Music Analysis Conference (CityMAC), City University, July 2018
The principle of ‘rotational form’ is foundational to Hepokoski’s formal
definition of late nineteenth-century ‘sonata deformations’ outlined in his
1993 monograph, Sibelius, Symphony No. 5. Strikingly, the concept of
‘rotation’ loses any deformational function in Elements of Sonata Theory
(2006) as Hepokoski and Darcy extend its application back from the ‘early
modernist’ music of fin-de-siècle symphonicism into the eighteenth century.
Despite this unacknowledged contradiction, a discrete list of pieces that
supposedly present rotational form ‘on its own’ appears in both publications.
This list implies the works it includes – Beethoven’s ‘Appassionata’ Sonata,
first movement, for example – are in some way formally distinct from the
thousands of other rotational movements. Nevertheless, the current
definitions do not account for whatever this particular distinction might be.

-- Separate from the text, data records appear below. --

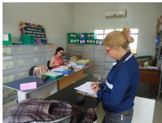
Figura - 4 – Coleta de dados de matrículas - EMEF Dr. Octacilio Lino - Altamira Urbana – mar/15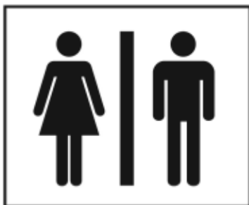
Minzione frequente (enuresi notturna nei bambini)

Un individuo può non riconoscere i sintomi di glicemia alta. Questi sono i sintomi più comuni che possono indicare un'iper glicemia.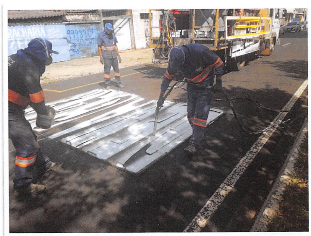
Figura 4: Pintura com tinta viária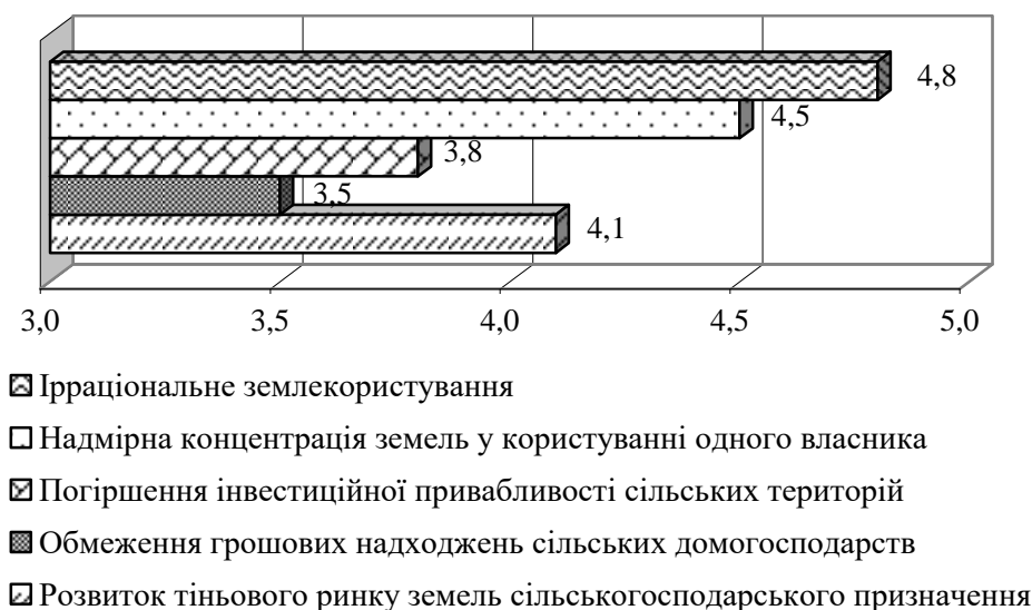
Рис. 2. Результати оцінювання експертами рівня негативного впливу наслідків неврегульованості земельних відносин на розвиток сільських територій (5 балів – суттєво впливає; 1 бал – майже не впливає), 2016 рік*.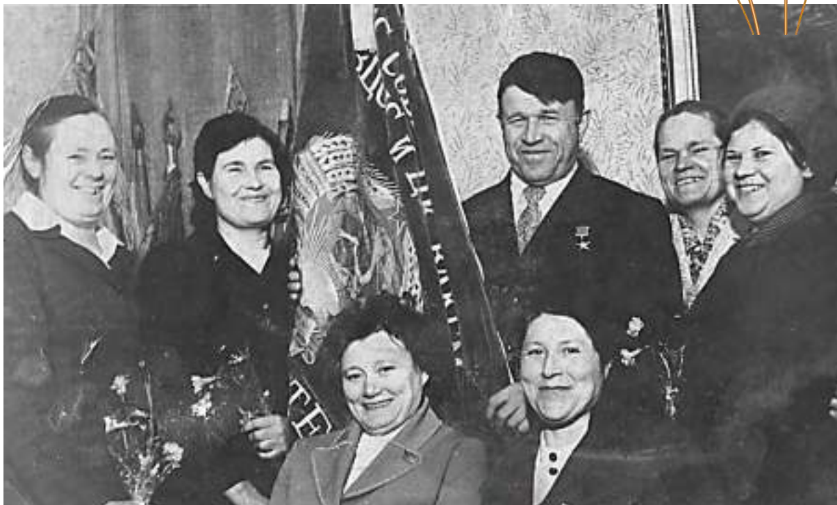
Передовики производства совхоза Ижевский с переходящим Красным Знаменем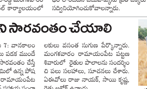
భూమిని సారవంతం చేయాలి వ్యవసాయ శాఖ అధికారులు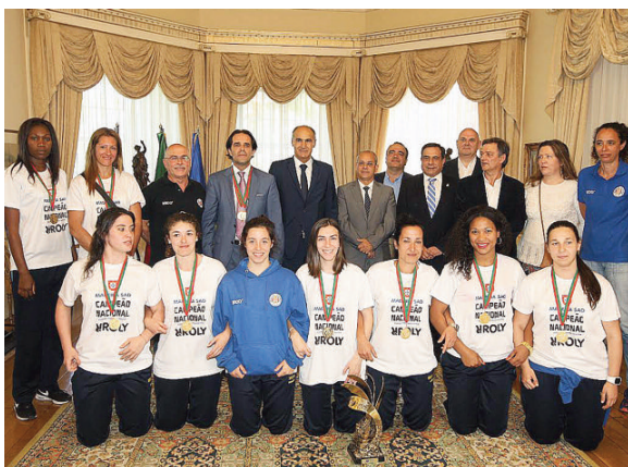
Plantel campeã do Madeira SAD recebido na Quinta Vigia

Portanto, parece certo que a equipa do Madeira SAD fica fora da Liga dos Campeões. JM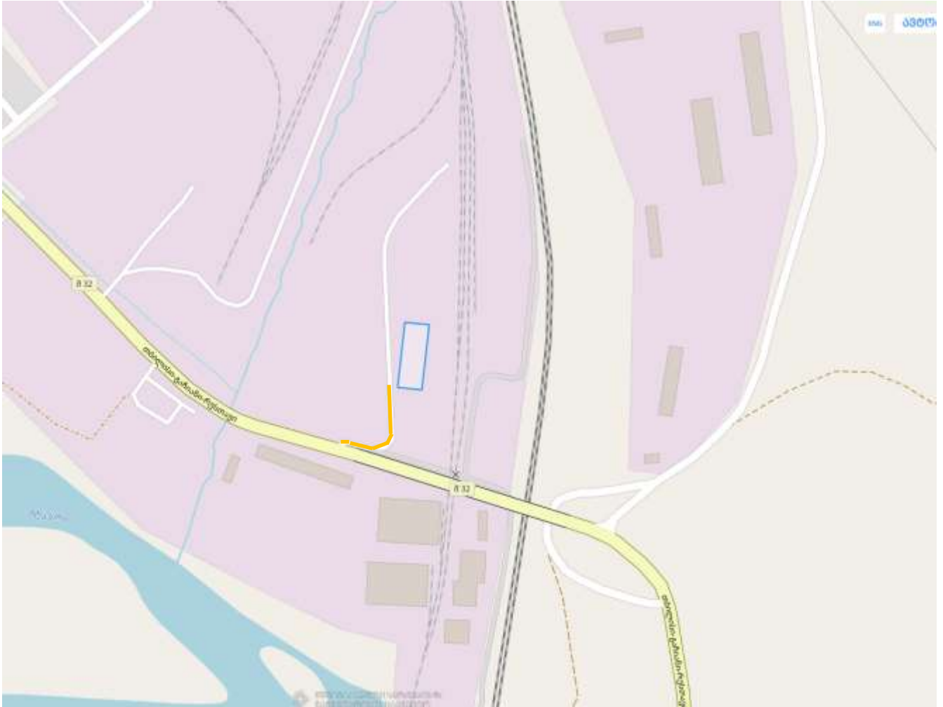
სურათი 6.9.1. სატრანსპორტო ნაკადის მოძრაობის სქემა.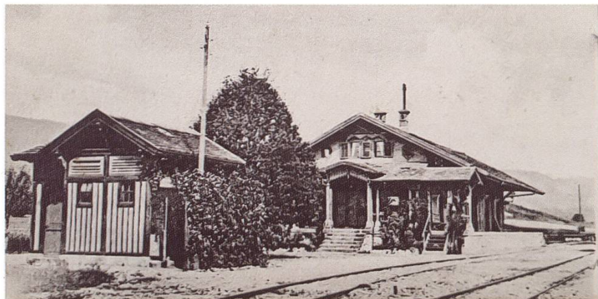
Abbildung 95: Bahnhof Otelfingen 1904 (Postkarte)

Die Strecke von Wettingen nach Zürich-Oerlikon wird 1942 elektrifiziert und erhält damit den Anschluss an die neue Technologie. Im Frühling 1990 wird im Furttal die S-Bahn der Linie 6 eingeweiht. Damit wird Otelfingen mit dem Zürcher Hauptbahnhof direkt verbunden und das Umsteigen in Zürich-Oerlikon entfällt. Die Züge verkehren jedoch vorerst nur während den Stosszeiten im Halbstundentakt. Erst im Dezember 2007 wird der Halbstundentakt bis nach Otelfingen eingeführt.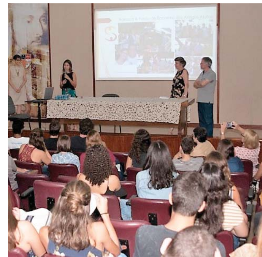
Encontro reuniu estudantes do Colégio Santo Inácio, no Rio de Janeiro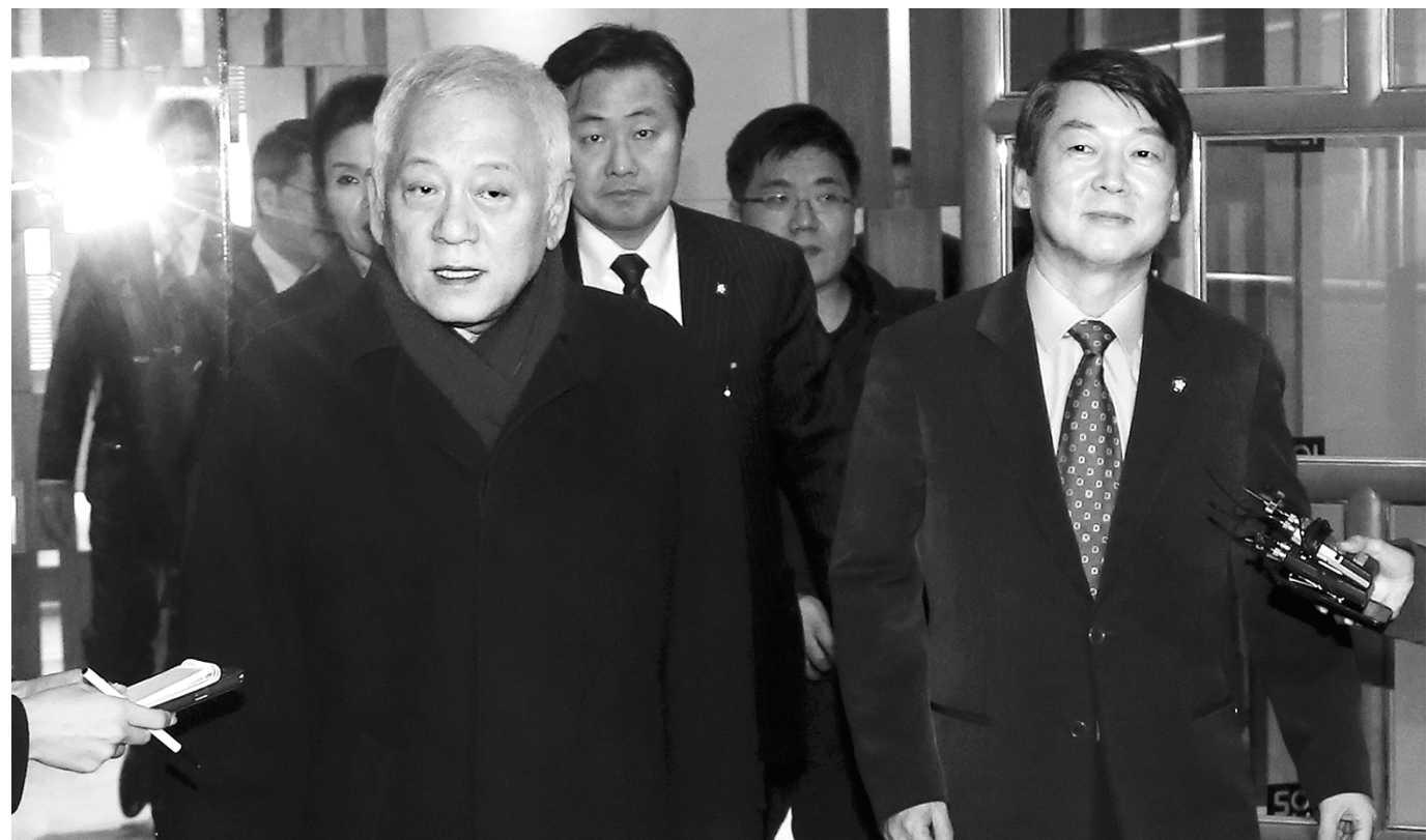
김한길 민주당 대표(왼쪽)와 무소속 안철수 의원이 24일 서울 여의도 한 중식당에서 '특검도입과 정당공천폐지' 관철을 위해 계속 협력할 것을 협의한 뒤 오찬장을 나서고 있다.

To formulate a theory of a specifically nineteenth-century and deformational
use of rotation, a rigorous analysis of these pieces and their recurring
materials is required.
This paper will present a Sonata Theory analysis of the Appassionata’s five rotation
Allegro Assai using voice-leading analysis and Janet Schmalfeldt’s concept
of becoming to demonstrate the presence of a process that I term ‘rotational
projection’. In this movement, musical material is allowed to project forth
beyond, against, or outside the formal expectations of its contextual function
within the sonata by calling forth other material that cannot be predicted by
the referential rotational ordering of the exposition, but nevertheless makes
sense in context that it reappears. The result is a rotational form but not one
that always conforms to the order of the exposition.